--- RECORDS PROVIDED Enclosed Below ---

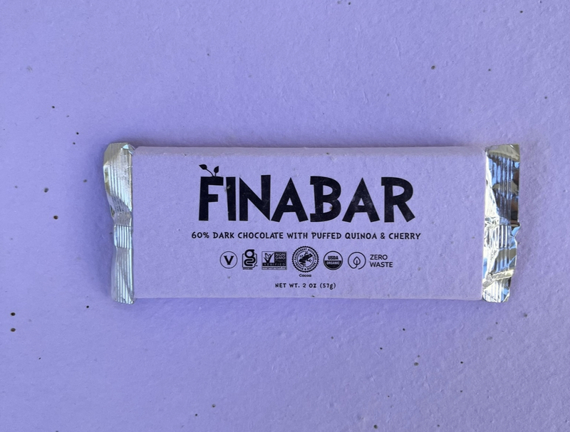 Vegan, gluten-free, non-gmo, rainforest alliance accredited, USDA organic, zero-waste, kosher 60% cocoa content dark chocolate with puffed quinoa and cherry. Fully biodegradable and compostable packaging, made from recycled materials in a factory powered by renewable energy.
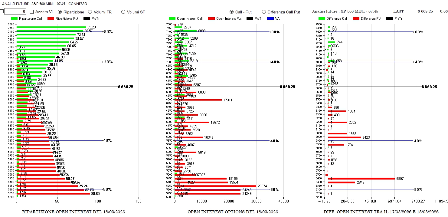Nonostante il forte ribasso gli operatori hanno riposizionato importanti quantità di put su strike Otm a partire da 6350 fino 5400. Call in lieve aumento a 6700 e 7000. Prezzi comunque bilanciatissimi a ridosso del proprio fair value.
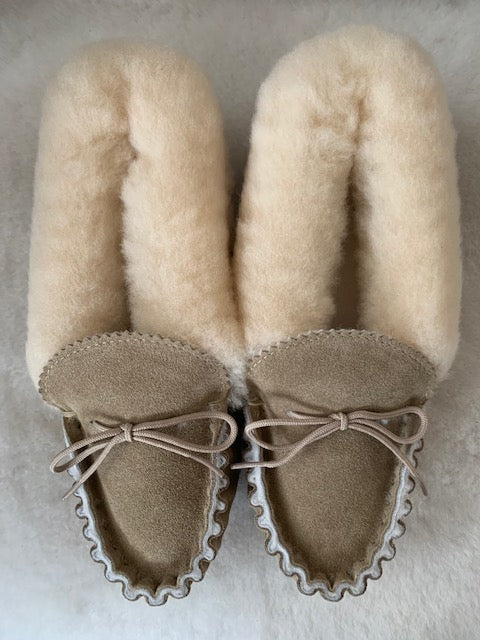 Ladies traditional moccasin made from top quality English suede upper with luxurious sheepskin lining and an extra deep snug sheepskin collar with adjustable lace and soft suede sole.
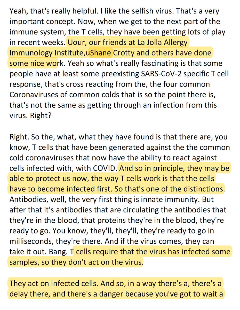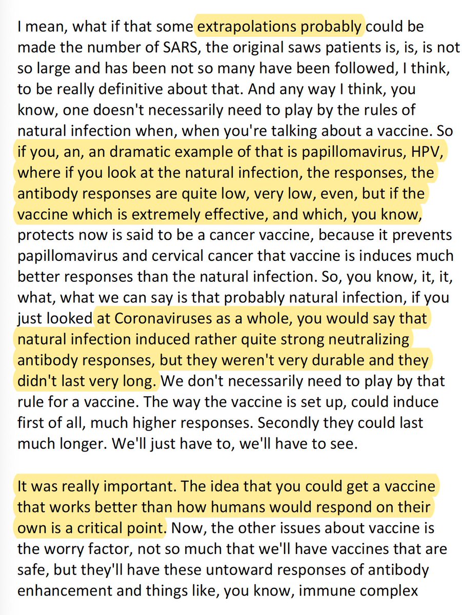 "I think probably...is best...combine a good antibody response with a good T cell response that gives the greatest possibility for controlling the infection." 9/x
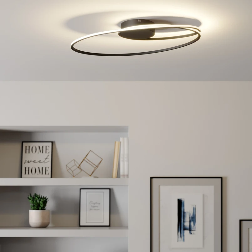 Xenias LED ceiling light in trendy matt black colour, dimmable Xenias LED ceiling light impresses thanks to its elegant and futuristic design. The intertwined ovals give the light individuality and make it an artistic element in the modern home. The matt black colour is on trend and gives the light a special finish. Xenias brings dynamism into the room and provides wonderful moments of light at the same time. It emits a warm white light that can be dimmed as desired using a wall switch. You can choose between three brightness levels (100%, 50% and 10%).
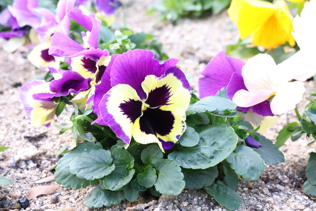 スミレ科スミレ属の一年草。冬を代表する花の一つで耐寒性が強く開花期も10月頃から4月頃までと期間が長いため非常に扱いやすい。品種や花色も多くブロッチという中央に模様の入ったものもある。原産はヨーロッパに自生していた野生種。品種改良も進み多くの品種が存在する。パンジーという名称が主流だが、遊蝶花や胡蝶花という呼び方もある。洒落てて好き。サイズが小さいものはビオラ。
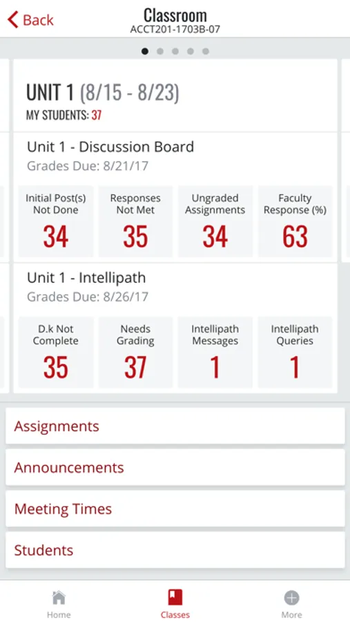 - Dashboard views of assignments, including number of submissions, missing assignments, and if there is work which needs grading in an intellipath™ assignment.

--- End of Enclosed RECORDS PROVIDED ---

## WORK INSTRUCTION
Take the data above and repeat it exactly, leaving each picture out.

## FINISHED TASK
 Vegan, gluten-free, non-gmo, rainforest alliance accredited, USDA organic, zero-waste, kosher 60% cocoa content dark chocolate with puffed quinoa and cherry. Fully biodegradable and compostable packaging, made from recycled materials in a factory powered by renewable energy.
Nonostante il forte ribasso gli operatori hanno riposizionato importanti quantità di put su strike Otm a partire da 6350 fino 5400. Call in lieve aumento a 6700 e 7000. Prezzi comunque bilanciatissimi a ridosso del proprio fair value.
 Ladies traditional moccasin made from top quality English suede upper with luxurious sheepskin lining and an extra deep snug sheepskin collar with adjustable lace and soft suede sole.
 "I think probably...is best...combine a good antibody response with a good T cell response that gives the greatest possibility for controlling the infection." 9/x
 Xenias LED ceiling light in trendy matt black colour, dimmable Xenias LED ceiling light impresses thanks to its elegant and futuristic design. The intertwined ovals give the light individuality and make it an artistic element in the modern home. The matt black colour is on trend and gives the light a special finish. Xenias brings dynamism into the room and provides wonderful moments of light at the same time. It emits a warm white light that can be dimmed as desired using a wall switch. You can choose between three brightness levels (100%, 50% and 10%).
 スミレ科スミレ属の一年草。冬を代表する花の一つで耐寒性が強く開花期も10月頃から4月頃までと期間が長いため非常に扱いやすい。品種や花色も多くブロッチという中央に模様の入ったものもある。原産はヨーロッパに自生していた野生種。品種改良も進み多くの品種が存在する。パンジーという名称が主流だが、遊蝶花や胡蝶花という呼び方もある。洒落てて好き。サイズが小さいものはビオラ。
 - Dashboard views of assignments, including number of submissions, missing assignments, and if there is work which needs grading in an intellipath™ assignment.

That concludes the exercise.